|01/06/2009||The Rise of Texas
The actual creation of Texas Hold’em is a faint memory with a lot of gaps. In other words, a boring story to tell. However, the rise to fame, like the rise of a superhero, is a story always worth telling.
The Texas State Legislature officially acknowledges Robstown, Texas as the birthplace of Hold’em, as it was called back in the early twentieth century. There was no need to put the word Texas before Hold’em because that was the only place anyone ever played the game. Not until a few Texan card players went to the city of Las Vegas in 1967, did anybody ever see the game. The word Texas did not take much time for it to become synonymous with Hold’em.
The game did get to a slow start, only playing at the Golden Nugget Casino in Downtown Las Vegas.

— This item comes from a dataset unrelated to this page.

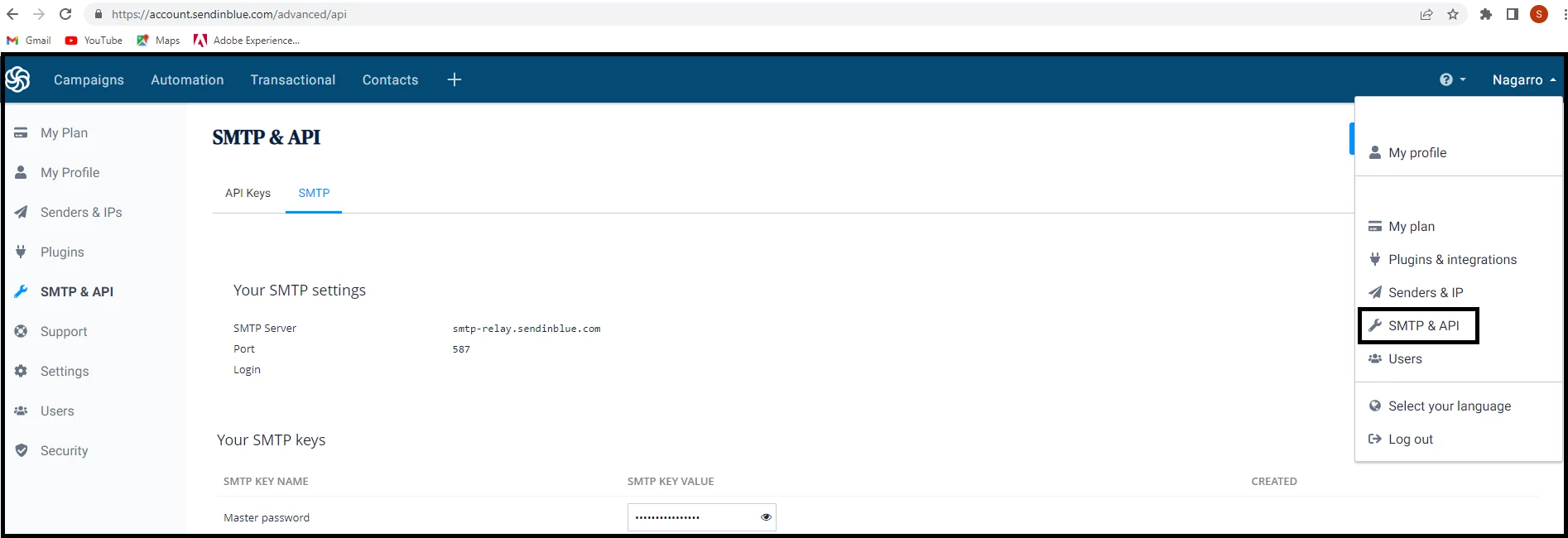 For getting the SMTP details, use the link https://account.sendinblue.com/advanced/api

The location and facilities were not the kind of place high rollers wanted to be seen or play, so in 1969 the professionals found another place more liking to their standards. The now non-existent Dunes Casino entrance on the famous Las Vegas Strip became the place to play Texas Hold’em. That same year the first ever poker tournament was held and Texas Hold’em was playable. The next year in 1970 the World Series of Poker moved into the Horseshoe Casino and Hold’em followed. The following year Texas Hold’em became a no-limit poker game and that is what it has been since.
In the 1980s California became interested in the game. At first
Texas Hold’em was illegal under a statute because of its similarities to a now forgotten game called stud-horse. In 1988 Texas Hold’em was declared legally distinct from stud-horse as Hold’em is more of a strategy game than luck. In a blink of an eye poker rooms were playing the game across the state of California. As the saying goes once California latches on to something, it is only a matter of time before the rest of the world does too.